After a pause, he continued, “My drainpipe is broken in my house that leads all the way out to the street. It’s cracked. It’s got to be replaced. The plumber comes. There’s a trench that has to be dug all the way across my property. And the bill is $2,800.

“Am I going to pay the plumber in advance before he does the work? Or am I going to pay him after the city inspector comes, which is in place to protect me that the work is done correctly? Am I on the right track here?

“My heart tells me [to] give the money to the school district, but my brain tells me that if you release the funds, everything stops right now. The improvements will not continue. So I implore you to hold the money back until the work is done.”

Gleam Davis, co-chair of the BB Advisory Committee, disagreed.

“I’m here to ask you to release the money to the school district tonight,” she said. “I think there are three things that are absolutely true. And one is, you put two conditions on the release of the money back in June and the school district has met those conditions.

“Two, I think there have been some tremendous efforts made at the district towards fulfilling the district’s obligations towards families with special needs children.

“Three, it’s also true that it has a long way to go. Unfortunately, the district needs the money. As you all know, the state is in a very difficult financial condition right now. Eventually, that is going to affect the school district.

“But moreover, I think that at some point we need to recognize that the district has made strides and has set in place committees and other institutions that will continue to make those strides.”

The council has received regular reports from the district on the Special Education Program from city manager Lamont Ewell, district representatives and parents of students in the district.

And in a letter to Mayor Ken Genser dated January 5th, Cuneo outlined the steps the district had taken to better its Special Education Program. Those steps were also outlined to the council at the meeting by school board president Ralph Mechur.

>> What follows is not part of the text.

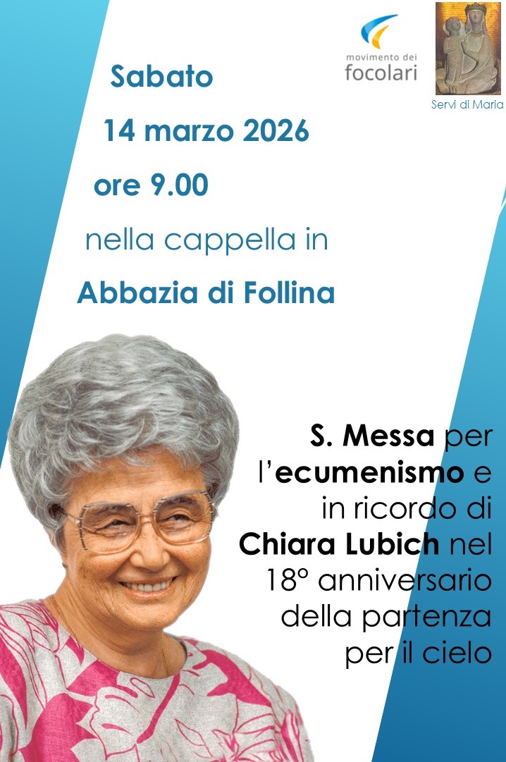Sabato 14 marzo alle ore 9,00,  come di consueto a Follina, nella cappella dell’Abbazia, ci ritroviamo per la messa con intenzione Ecumenica.

“Through the leadership of the SMMUSD Board of Education, the collaborative effort of the SEDAC [Special Education District Advisory Committee], PTA [Parent Teachers Association] and district staff, and the literally thousands of hours contributed by parents and staff, I am proud to say that we have addressed the requests by the council as it relates to Santa Monica-Malibu Unified School District Special Education services,” Cuneo said.

He then “respectfully request[ed] that the council take action to release the funds held in reserve.”

The City Council agreed to release the $804,470 in funds. Of that, $527,779 is from fiscal year 2007-08 and $274,691 is half of the fiscal year 2008-09 amount.

At the meeting, Genser told the members of the community that they should not view the council releasing the funds to the district “as the end of the line.”

“We have a major issue coming up, which is to renew the contract,” he said. “When we renew that contract, if we perceive that there isn’t good faith and if we perceive that the residents of the city, the parents of the children of this city, are not getting good service, I have a feeling that this council — it takes four votes to make a decision here — but I have a feeling that there would be conditions put on it [the money] if we felt they would be necessary.”

The school district agreed to keep the council apprised of its progress in addressing the needs of its special education students.